Di era  sekarang  menyebarkan  syari’at  islam  sebagai bentuk dakwah sangatlah  mudah, salah satunya  dengan menyebarkan video lewat Youtube atau media sosial lainnya. Penyebaran, menonton serta me-like video atau konten tulisan yang digunakan sebagai sarana dakwah dapat dibenarkan dengan ketentuan sebagai berikut:

Pertama, isi Konten dan tujuannya tidak bertentangan dengan syariat. (Baca: Dai Tak Paham Al-Qur’an dan Hadis, Bolehkah Berdakwah?)

Isi dan tujuan tidak bertentangan dengan aturan hukum Islam. Para dai harus berkompeten dan mengetahui secara penuh tentang apa yang akan disampaikan dalam dakwahnya, agar isi yang disampaikan sesuai ajaran Nabi. Dalam al-Mausu’ah al-fiqhiyah al-Kuwaitiyah (juz 20 vol.330) disebutkan:

وَإِنَّمَا يَنْبَغِي أَنْ يَكُونَ الدَّاعِي عَالِمًا بِمَا يَدْعُو إِلَيْه

“Selayaknya seorang dai harus mengetahui penuh tentang hal yang disampaikanya”.

Pengetahuan sorang dai harus sesuai dengan ajaran dari Al-Qur’an dan Hadis. Untuk memahami keduanya dipastikan membutuhkan perantara melalui karya para ulama terdahulu. Dalam Tanwir al-Qulub vol.29 disampaikan :

وَمَنْ لَمْ يُقَلِّدْ وَاحِدًا مِنْهُمْ وَقَالَ أَنَا أَعْمَلُ بِالْكِتَابِ وَالسُّنَّةِ مُدَّعِيًا فَهْمَ الْأَحْكَامِ مِنْهُمَا فَلَا يُسَلِّمُ لَهُ بَلْ هُوَ مُخْطِءٌ ضَالٌّ مُضِلٌّ سِيَمَا فِى هَذَا الزَّمانِ الَّذِىْ عَمَّ فِيْهِ الْفِسْقُ وَكَثُرَتْ فِيْهِ الدَّعْوَى الْبَاطِلَةُ

“Barang siapa tidak mengikuti pemikiran ulama terdahulu dan berkata: “Saya mengamalkan Al-Qur’an dan Hadis serta mengaku memahami hukum yang terdapat pada Al-Qur’an dan Hadis, maka orang tersebut tidak selamat bahkan ia salah, sesat dan menyesatkan, apalagi di era sekarang banyak orang fasik dan banyak dakwah yang sesat.”

Kedua, tidak menimbulkan fitnah.
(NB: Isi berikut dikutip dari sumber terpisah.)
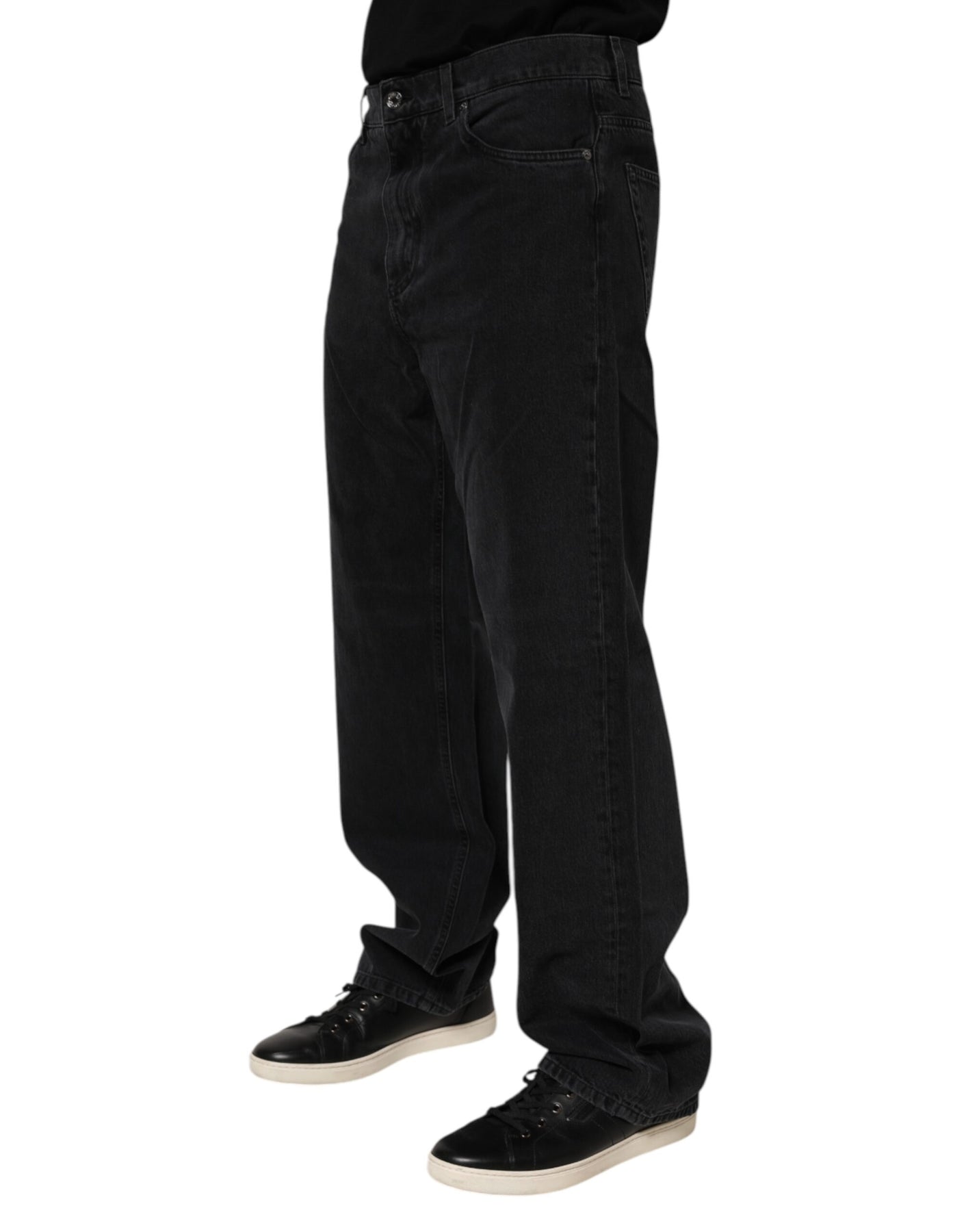 Dolce & Gabbana Black Cotton Logo Men Mid Waist Denim Jeans
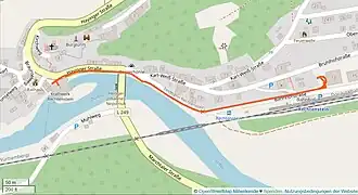 Die Strecke beginnt auf dem Bahnhofsvorplatz von Rechtenstein, der frühere Umladeplatz befand sich auf der östlichen Seite des Stationsgebäudes. Von dort aus folgt sie – zunächst parallel zur Hauptbahn – der Bahnhofstraße auf der rechten Straßenseite. Etwa 200 Meter nach dem Bahnhof überquert die Strecke der Feldbahn deren Fahrbahn und folgt ab hier dem Ufer der Donau flussaufwärts. Beim Kilometer 0,4 überquert sie die aus Richtung Obermarchtal kommende Landesstraße 249, folgt dann der Hayinger Straße und mündet schließlich auf dem Gelände des Wasserkraftwerks, heute: Dipl.-Ing. Elmar Reitter – Wasserkraftanlagen.
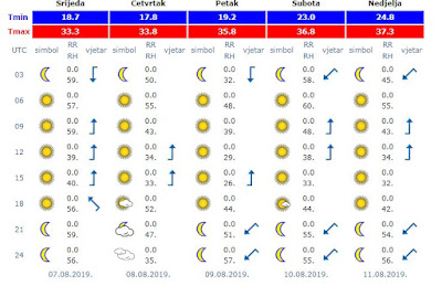 Još sjutra se može očekivati temperatura od 34 stepena, a već narednih dana biće u porastu. U petak će dostići 36 stepeni, a za vikend i 38.
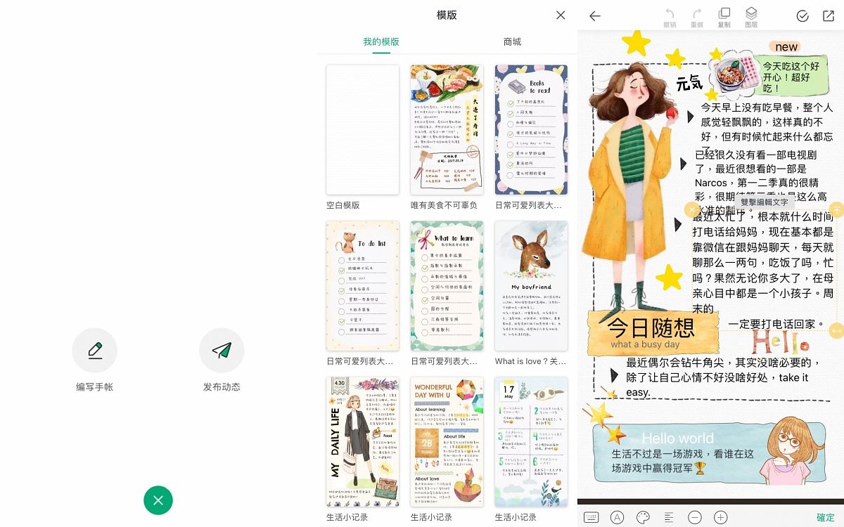 進入編寫手帳後可以看到多種模板,有APP本身內鍵免費的模板可選用去修改,也能選擇空白的模板自己開始設計,另外也有商城能夠購買更豐富、多樣主題的模板,不過其實內建免費的模板就很夠用囉!隨意點選一款後,就能藉由點擊畫面中的各個圖樣元件、文字框來修改或刪除、調整位置等等,基本上操作非常簡單。

Fitnah dalam konteks ini diartikan sebagai segala bentuk gambaran, provokasi dan doktrin yang menimbulkan perselisihan dan perpecahan umat. Abu Said Muhammad bin Muhammad al-Khadimi dalam karyanya Bariqoh Mahmudiyah fi-Syarhi Thoriqoh Muhammadiyah wa Syari’ah Nabawiyah (juz 4 vol.270) mempertegas arti fitnah sebagai berikut:

Baca Juga :  Ini Akibat Berbangga dengan Postingan Kemaksiatan di Media Sosial

 الثَّامِنُ وَالْأَرْبَعُونَ الْفِتْنَةُ وَهِيَ إيقَاعُ النَّاسِ فِي الِاضْطِرَابِ أَوْ الِاخْتِلَالِ وَالِاخْتِلَافِ وَالْمِحْنَةِ وَالْبَلَاءِ بِلَا فَائِدَةٍ دِينِيَّةٍ وهُوَ حَرَامٌ لِأَنَّهُ فَسَادٌ فِي الْأَرْضِ وَإِضْرَارٌ بِالْمُسْلِمِينَ وَزَيْغٌ وَإِلْحَادٌ فِي الدِّينِ

“Keempat puluh adalah fitnah, yaitu menjatuhkan (menyebabkan) manusia (masyarakat umum) dalam kebingungan, perpecahan, perselisihan dan malapetaka tanpa nilai positif dalam agama. Hal ini diharamkan karena menimbulkan kerusakan di bumi, membahayakan terhadap kaum muslimin dan penyimpangan dalam agama.”

Nabi saw. mengancam mereka yang menyulut fitnah, sebagaimana dalam hadis yang diriwayatkan Anas bin Malik:

الْفِتْنَةُ نَائِمَةٌ لَعَنَ اللَّهُ مَنْ أَيْقَظَهَا

“Fitnah itu tertidur, Allah melaknat orang yang menyulutnya.”            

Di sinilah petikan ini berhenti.